Sunday, May 3, 2015

South Africa Ruthless Murders Do Not Stop

South Africa Ruthless Murders Do Not Stop
South Africa

The ruthless murders happening in and around South Africa do not stop; everyday people are killed in a cold-hearted, unemotional manner. Today a woman was savagely raped and killed on the East Rand along with two men. The police reported that two of the suspects were apprehended, and the search for the other missing two would continue.

Reports described the murder of a Northern Cape Nurse in the Upington area as a satanic ritual. On Wednesday, Katrina Jagers aged 50 was brutally murdered by her attacker in a parking lot. The attacker has been dubbed the Gordonia butcher. A witness described the gruesome murder and said the attacker, while shouting out blasphemous remarks, chased the victim who was trying to run away. The attacker had a knife, ripped open Jagers stomach and pulled out the intestines. The attacker used the blood of the victim to write the number “35” on a flat door.

In KwaZulu-Natal, on April 30, eight males attacked a father and son, who were both stabbed in the face and head with broken bottles. The attackers fled in a car, and a police search is underway.
During the month of April, a Cape Town woman was found hacked to death by her grandson who had to gain entry through a window of her home. Reports indicate that the body of Sandra Malcolm a 74-year-old British ex-pat had been mutilated. The police have yet to confirm the details. In the same week as this senseless murder, a Dr. Meyer and his caregiver were tortured with a homemade weapon, a fence dropper full of nails on a farm near the Vaal water area. The attackers tied up the men who were left for dead. The police have arrested three men in connection with this incident.

In South Africa, there are daily reports of ruthless murders, and it would seem that the public are becoming accustomed to reading about the cruel, insensitive torture, attackers use on victims. Will the murders ever stop, and does the government give a damn? It would appear that the daily horrific deaths occurring throughout the land is a result of South Africa becoming a lawless country.

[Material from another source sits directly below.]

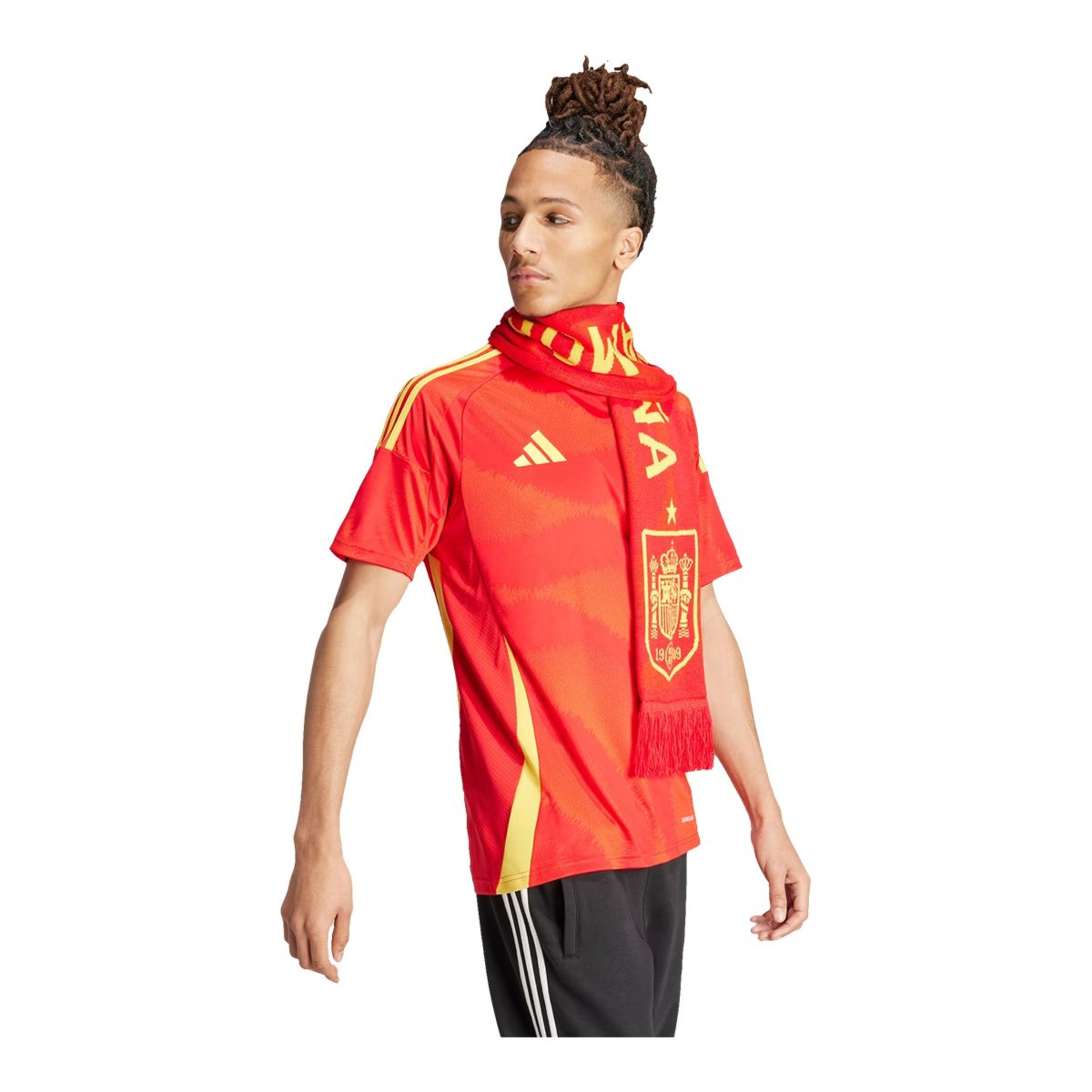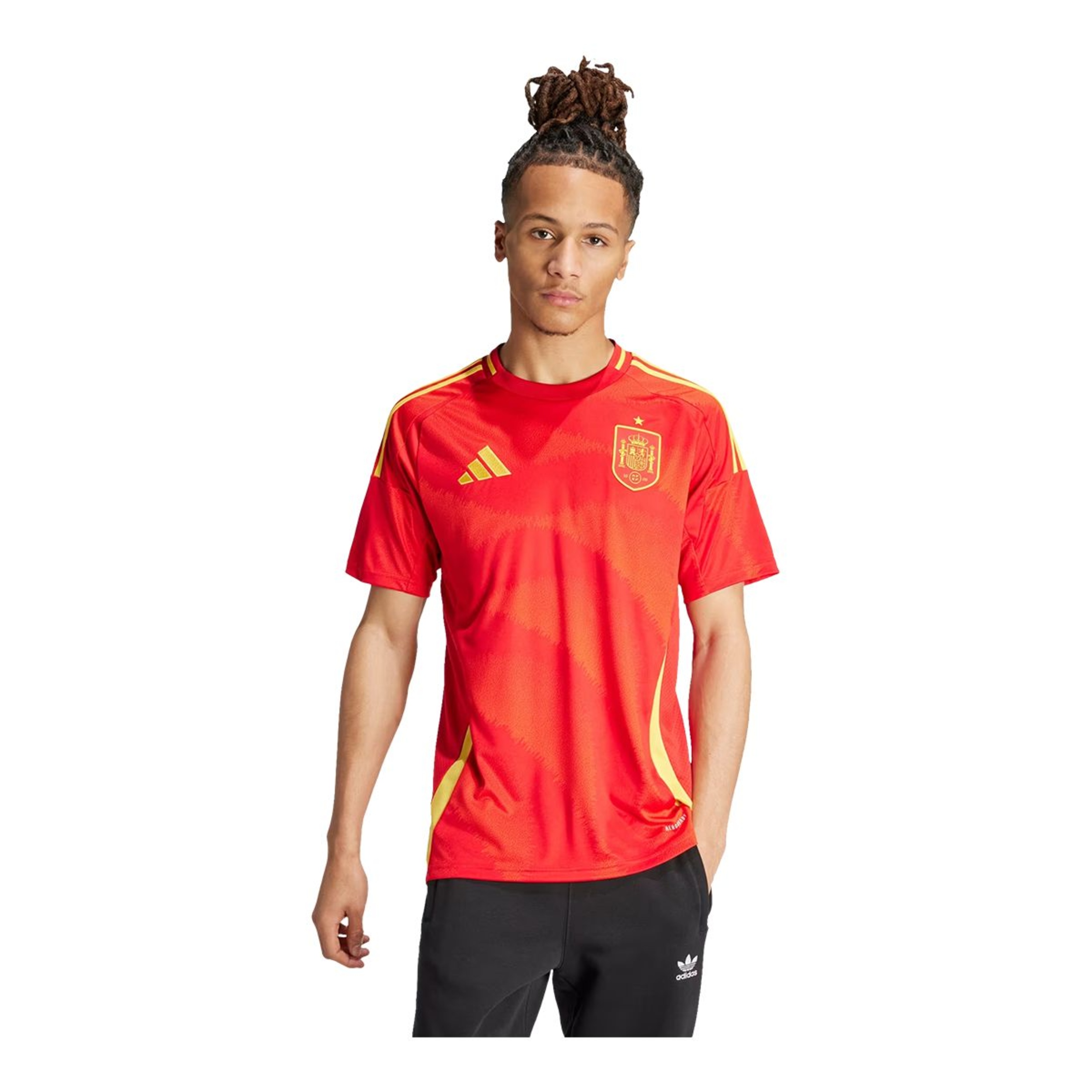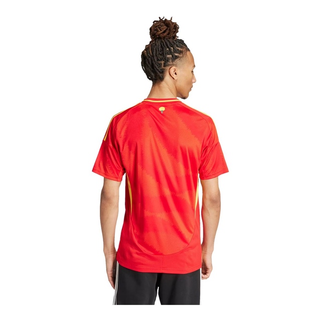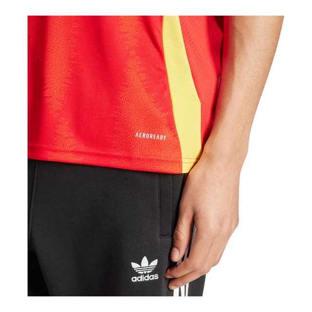 Their soccer roots run deep. Inspired by the beauty of Spain's national flower and the powerful, graceful movement of flamenco dancing, this adidas Spain home jersey displays an eye-catching tonal graphic. Built for supporter comfort and pride, it teams moisture-managing AEROREADY with a woven badge and carnation sign-off. This product is made with 100% recycled materials. By reusing materials that have already been created, adidas helps to reduce waste and their reliance on finite resources and reduce the footprint of the products they make.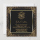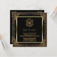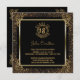 A Elegante Classe de Ouro de 2018 convida com efeito de sotaque dourado - Deslocadores de aspecto metálico de ouro falso-chic enrolam os cantos contra um fundo preto de carvão com estrutura quadrada de aparência de metal dourado falso com aspecto de borda dourada. Um círculo decorativo de efeito metálico de cor dourada está no topo. Lê a classe de em letras de ouro curvas acima do círculo com um dentro de cor dourada correspondente. O formando é impresso no texto curvo abaixo. O nome do formando no script e outros detalhes de festa de formatura abaixo em letras hued douradas, incluindo informações de RSVP. O ano de classe pode ser personalizado, assim como cores e estilos de texto. A parte de trás tem pergaminhos de ouro nos cantos contra um fundo preto sólido. Perfeito para cores de escola de preto e ouro. Elegante o suficiente para formandos. Trabalha para o Excelente Gatspelo partido também.

Do these attackers hunger for freedom or do they hunger for rape and blood? Thousands of people died in conflicting tribal wars during the 1980’s. A parallel between those and the current wave of ruthless murders, including the recent xenophobic attacks in South Africa are striking. The horrendous “necklace” ritual of placing a burning tire around the victims’ neck or the brandishing of cultural weapons used to slash a victim in a ghastly manner.

South Africa is 21 years into a democratic country, and there are still people living in hostels. Hostels were the staging ground for the late apartheid tribalism. Perhaps the mutilating killings of the past have never stopped. Perhaps the barbaric manner used to kill people is an inherited cultural occurrence. On Mar 15, 1961 a group of terrorists from a communist camp across the Congo Republic massacred more than five hundred black and white people, including men, women and children in Angola. The living victims were bound to planks and passed through a sawmill. Four months after this obscenity, the leaders were interviewed in New York by M. Pierre de Vos of a leading Paris newspaper. De Vos confirmed that there was sufficient proof of the massacre and when asked about the sawmill killings, one of the leaders with a broad smile said the victims were sawed lengthwise.

The torture, maiming, and killing of victims is nothing new. The massacres have been happening for centuries across Africa. The attackers never appear to show remorse for the gruesome crimes. Is the mind of a criminal similar to that of a dictator? Dictators remain defiant until their last breath, and never accept any wrongdoing, neither offering an apology even when execution is imminent. Although the death penalty has been abolished in South Africa, bringing it back would not solve the problem. South Africa as a country should be honest enough to challenge the root causes of crime.